Columbia MM
MM Manual

USING CUT AND PASTE WITH MM

With some microcomputer systems, you can open more than one window on your screen, so you may be running MM in a terminal session in one window and have a word processor open in another. Examples include various Macintosh and NeXT applications and the Windows program running on MS-DOS microcomputers. Copying text between MM and files on the microcomputer can be simplified by using the cut and paste technique to copy text from one window to another. Cut and paste may eliminate the need to do a file transfer operation separately.

This section describes some ways to adjust MM to handle cut and paste properly.


PASTING INTO MM

If you write a message first on your microcomputer, you can paste it into MM at the same Message prompt where MM expects you to type a message, as shown below.



 Message (End with CTRL/D or ESC
  Use CTRL/B to insert a file, CTRL/E to enter editor, CTRL/F to run text
  through a filter, CTRL/K to redisplay message, CTRL/L to clear screen and
  redisplay, CTRL/N to abort, CTRL/P to run a program and insert output.):


Pasting in from another window is no different from typing, as far as MM is concerned. There is one detail that may mess up your text. MM's Text Mode normally wraps lines, that is, the cursor drops to a new line automatically when it gets too close to the right margin. This is controlled by the variable autowrap-column, which normally is set to -7, meaning 7 character positions from the right side. If your pasted-in text has longer lines, it will get wrapped by MM, and may end up looking like the following.



The name of the corporation itself was Columbia College in the City of
New York until
the trustees authorized the change in 1896 to Columbia University in the
City of New York.


Despite the ugly appearance, the wrapping is somewhat desirable because most terminals have 80 columns, and if the above text was sent with its original longer lines, the end of each line might not be displayed on some terminals, or else the line will be displayed wrapped similarly to the above anyway. If you definitely want to send longer lines, you can, before pasting the text, give MM the command set autowrap 0 to turn off the wrap entirely, or set autowrap to some other number. A positive number counts from the left, and negative counts from the right (so -7 is the same as 73 on an 80-column terminal).

Another approach is to fill the paragraph to a new line length. The real problem in the example above is the short lines, not the long ones. One way to format the text is to process it through another program that acts as a filter. Notice in the Message prompt the option CTRL/F to run text through a filter. For example, after the text is input, press control-f, and then give the command fmt 70 75 to set a goal of 70 columns, maximum of 75, as shown below. (To doublecheck what it did, use control-l to redisplay, or else use display at the S> prompt.)



[control-f]
Filter: fmt 70 73
[Done]
[control-l]
The name of the corporation itself was Columbia College in the City of
New York until the trustees authorized the change in 1896 to Columbia
University in the City of New York.


If you are using Emacs, you can paste into Emacs text also. Use Emacs fill commands to fix up the line length (meta-q for example; see the Emacs manual for more details).


CUTTING FROM MM

Cutting from MM is usually fairly simple. Just read the message to put it on screen. To the extent that you can scroll back the terminal window, you can cut a moderately long message in one step and then paste it to another window.

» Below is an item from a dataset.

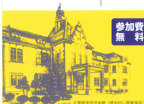
北里研究所旧本館 (明治村に移築保存)

Normally the variable crt-filter is set to the more program, so when you read a message, MM pauses at the end of each screen full and prompts you with the word More. If the pause and prompt are causing any difficulty, you can turn it off with the command set crt-filter, setting it to nothing, so there is no pause and prompt.



MM>set crt-filter
MM>


You may find setting crt-filter to nothing useful in some other kinds of screen capture, like print-screen (as long as you can scroll back on the terminal) or a session log. To restore crt-filter, you could give the command show crt-filter beforehand, take a note of what it is, and then type in the value later, like set crt-filter /usr/ucb/more -d as an example. However, as long as you do not save-init, a simpler method perhaps is to give the command take .mminit if you want to continue, or else simply quit from MM if you are finished.